GIVEN ENTRIES »
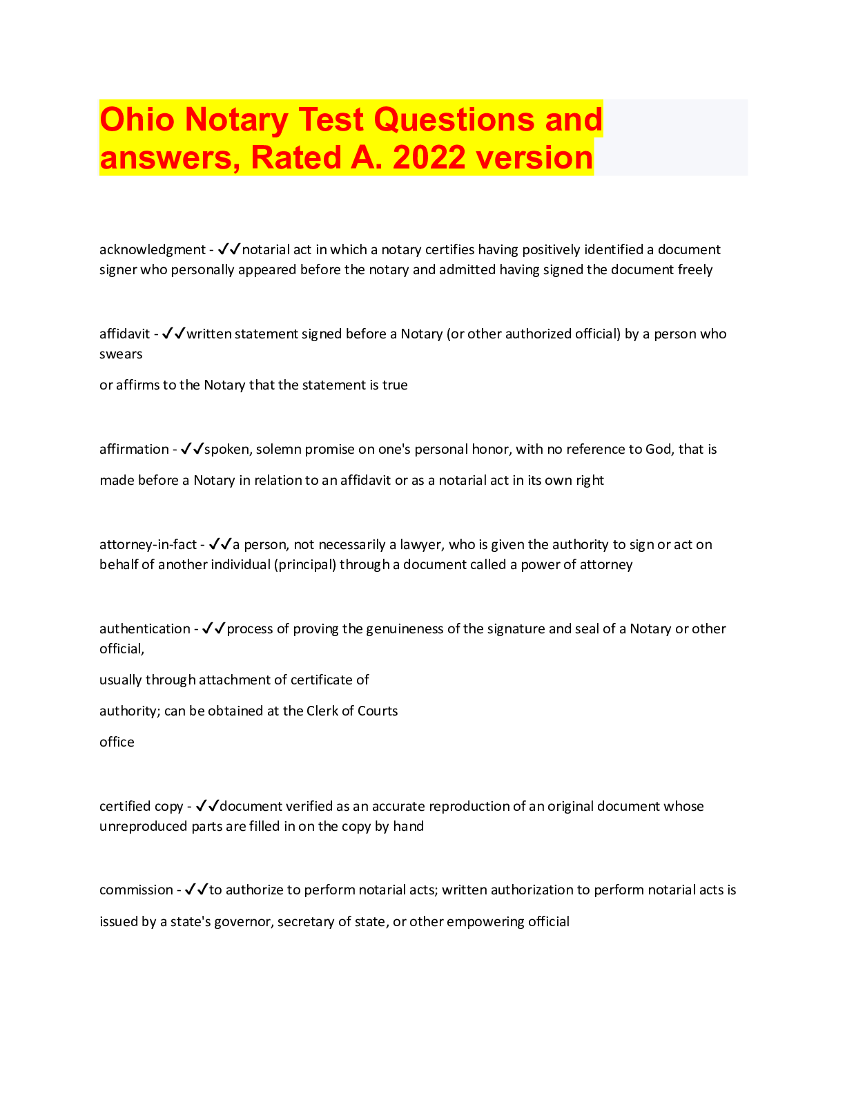 Law> QUESTIONS & ANSWERS > Ohio Notary Test Questions and answers, Rated A. 2022 version (All)
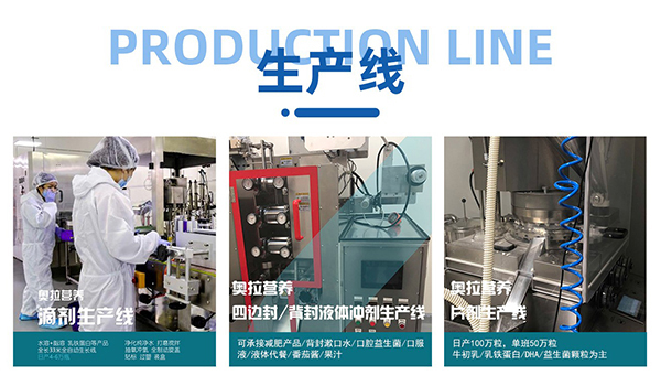 目前,“奧拉營(yíng)養(yǎng)”可OEM代工產(chǎn)品品類有配方乳粉、滴劑、口服液、片劑、粉劑、軟硬膠囊、營(yíng)養(yǎng)軟糖等等,品質(zhì)過硬,品類多元!更于2022年年初全面升級(jí)孕婦及成人運(yùn)動(dòng)營(yíng)養(yǎng)產(chǎn)業(yè)線,覆蓋人群更廣,涵蓋產(chǎn)品線更全,秉承其一貫的高品質(zhì)、嚴(yán)要求,為品質(zhì)護(hù)航!加之其細(xì)致入微的一條龍服務(wù),快速贏得了廣大合作伙伴的一致好評(píng),客戶遍布全國(guó),在營(yíng)養(yǎng)食品代工領(lǐng)域極具口碑!
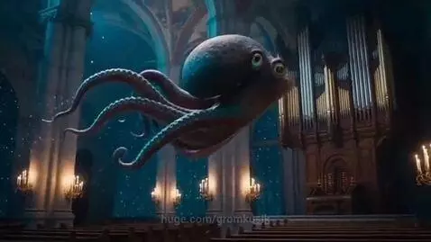 sora 2 Prompt: In a baroque visual style, an octopus floats through the space of a cathedral with an organ, making gurgling sounds mixed with English speech. This can be seen against the background of twinkling stars, accompanied by loud organ music. Medium frame, floating angle.
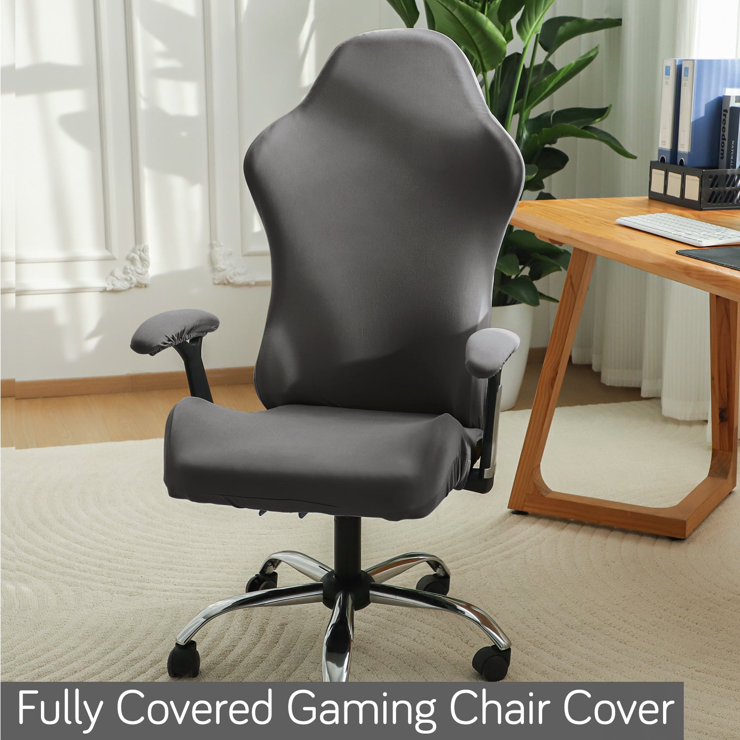Gaming Chair Cover Stretchable Computer Rotating Chair Seat Covers Slipcover, Grey
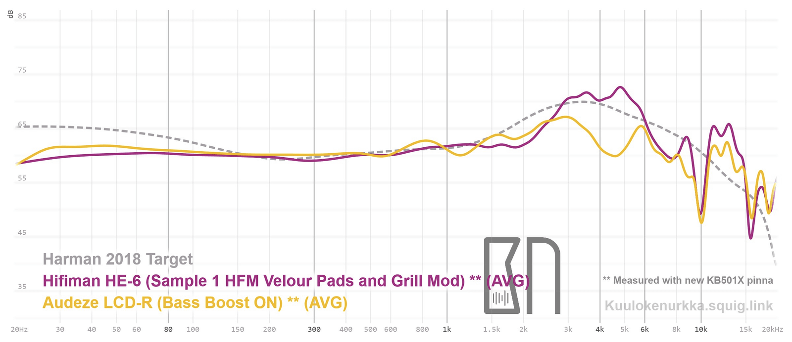HE-6 ja LCD-R ovat mielenkiintoisesti omalla laitteistollani mitattuna taajuusvasteiltaan yllättävänkin samanlaisia 3–6 kHz:n välillä sijaitsevaa massiivista eroa lukuun ottamatta. Ilman Schiit Audion vahvistimesta Audezen kuulokkeille aktivoimaani basson voimistusta alataajuudet olisivat molemmissa kuulokkeissa määrältään melko identtiset. HE-6 kuulostaa tosin basson osalta sekä voimakkaammin iskevältä että erottelevammalta.
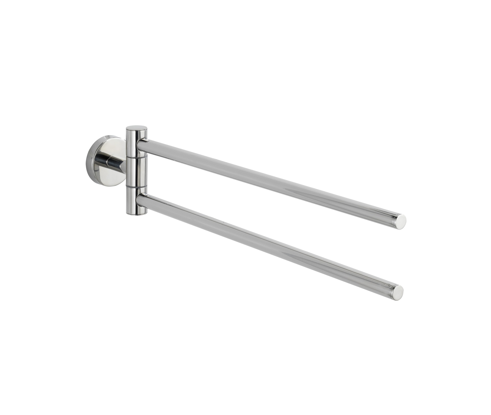 Die optimale Kombination aus Funktionalität und Qualität – der dezente Handtuchhalter löst schnell und einfach das Problem fehlender Aufhängemöglichkeiten bei wenig Platz im Badezimmer. Er benötigt zur Anbringung wenig Raum und die beiden übereinanderliegenden, beweglichen, runden Arme bieten ausreichend Platz für zwei Handtücher.
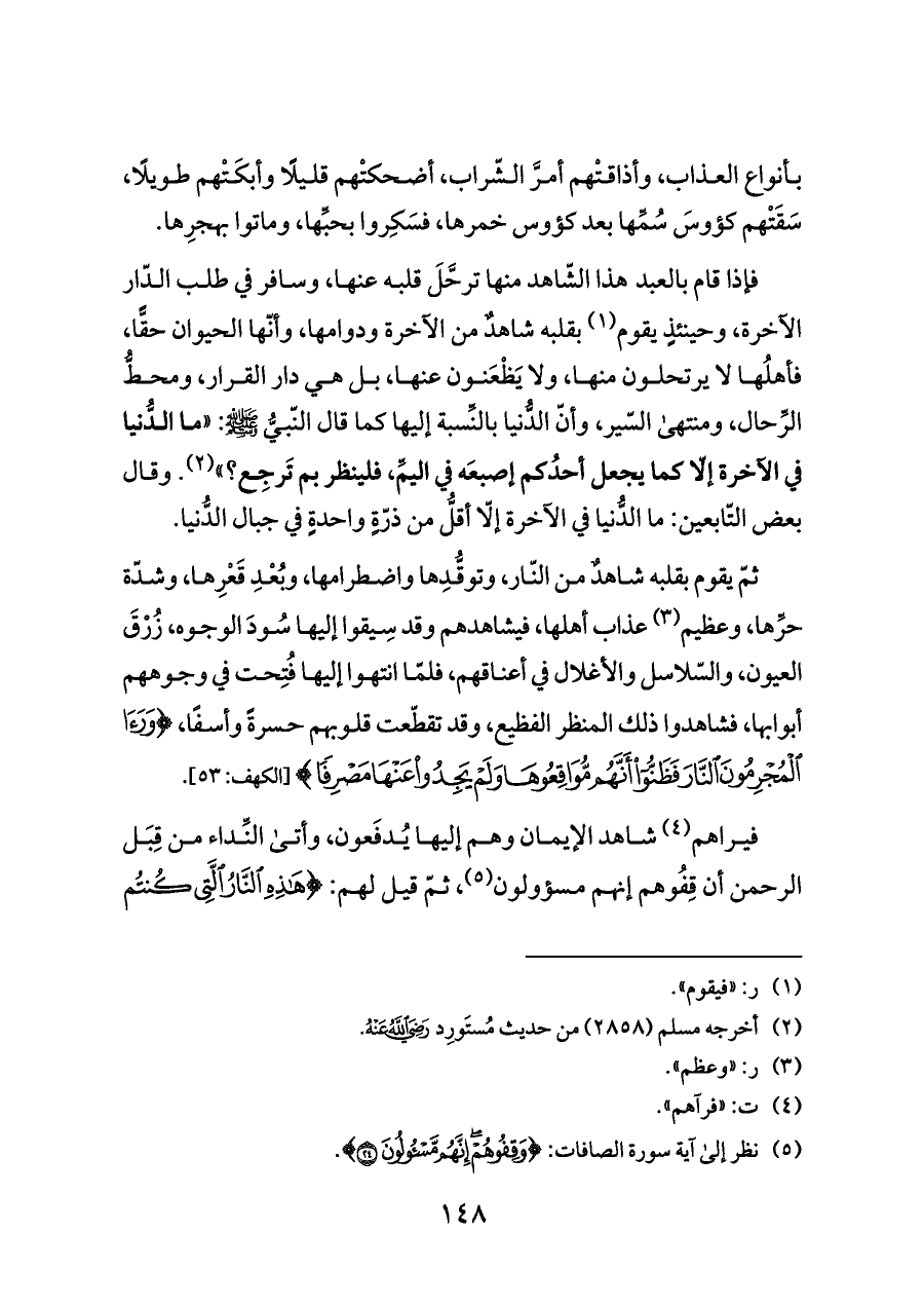 ثمّ يقوم بقلبه شاهدٌ من النّار، وتوقُّدِها واضطرامها، وبُعْدِ قَعْرِها، وشدّة حرِّها، وعظيم (¬٣) عذاب أهلها، فيشاهدهم وقد سِيقوا إليها سُودَ الوجوه، زُرْقَ العيون، والسّلاسل والأغلال في أعناقهم، فلمّا انتهوا إليها فُتِحت في وجوههم أبوابها، فشاهدوا ذلك المنظر الفظيع، وقد تقطّعت قلوبهم حسرةً وأسفًا، {وَرَأَى الْمُجْرِمُونَ النَّارَ فَظَنُّوا أَنَّهُمْ مُوَاقِعُوهَا وَلَمْ يَجِدُوا عَنْهَا مَصْرِفًا} [الكهف: ٥٣].
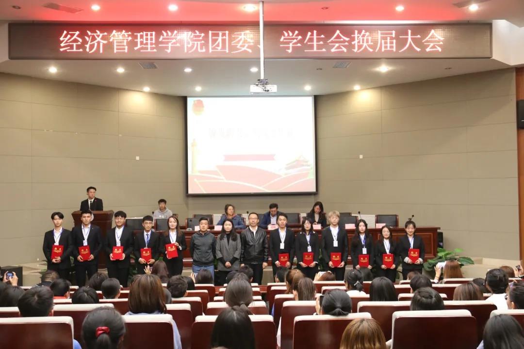 10月9日晚,tyc8722太阳集团城于图书馆报告厅举办团委、学生会换届大会。学院党委副书记、副院长冀强,团学办公室辅导员出席,全体学生干部参加。主席台就座老师分别宣读卸任、荣任团委、学生会主席团名单并为其颁发聘书、佩戴工作证并合影留念,学生代表依次发言。
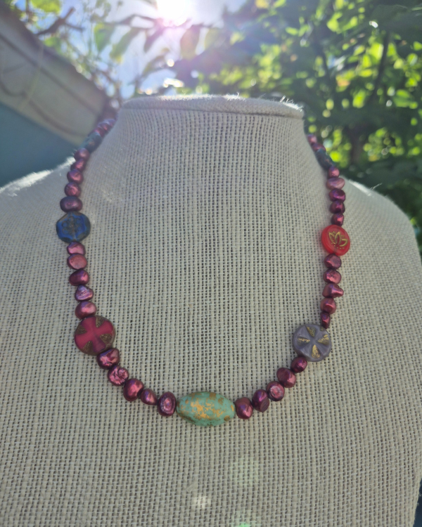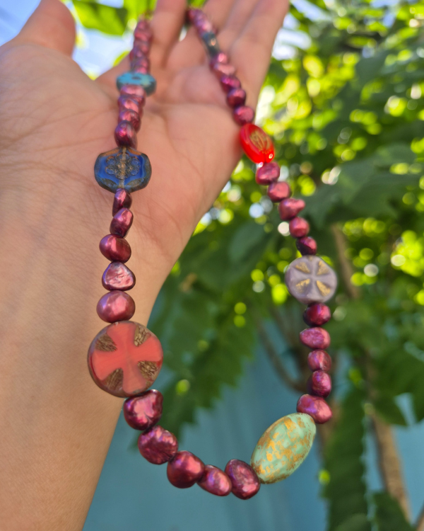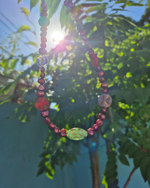 Hechizo es un collar que captura miradas al instante. Combina los cristales checos con las perlas de agua dulce en violeta dándole ese toque que cautiva al instante.

WHAT YOU SHOULD DO » From the first line through the line with "HE-6 ja LCD-R", output those lines of the entries above exactly, and nothing else, with the pictures left out.

FINISHED EXERCISE »
 Law> QUESTIONS & ANSWERS > Ohio Notary Test Questions and answers, Rated A. 2022 version (All)
 目前,“奧拉營(yíng)養(yǎng)”可OEM代工產(chǎn)品品類有配方乳粉、滴劑、口服液、片劑、粉劑、軟硬膠囊、營(yíng)養(yǎng)軟糖等等,品質(zhì)過硬,品類多元!更于2022年年初全面升級(jí)孕婦及成人運(yùn)動(dòng)營(yíng)養(yǎng)產(chǎn)業(yè)線,覆蓋人群更廣,涵蓋產(chǎn)品線更全,秉承其一貫的高品質(zhì)、嚴(yán)要求,為品質(zhì)護(hù)航!加之其細(xì)致入微的一條龍服務(wù),快速贏得了廣大合作伙伴的一致好評(píng),客戶遍布全國(guó),在營(yíng)養(yǎng)食品代工領(lǐng)域極具口碑!
 sora 2 Prompt: In a baroque visual style, an octopus floats through the space of a cathedral with an organ, making gurgling sounds mixed with English speech. This can be seen against the background of twinkling stars, accompanied by loud organ music. Medium frame, floating angle.
Gaming Chair Cover Stretchable Computer Rotating Chair Seat Covers Slipcover, Grey
HE-6 ja LCD-R ovat mielenkiintoisesti omalla laitteistollani mitattuna taajuusvasteiltaan yllättävänkin samanlaisia 3–6 kHz:n välillä sijaitsevaa massiivista eroa lukuun ottamatta. Ilman Schiit Audion vahvistimesta Audezen kuulokkeille aktivoimaani basson voimistusta alataajuudet olisivat molemmissa kuulokkeissa määrältään melko identtiset. HE-6 kuulostaa tosin basson osalta sekä voimakkaammin iskevältä että erottelevammalta.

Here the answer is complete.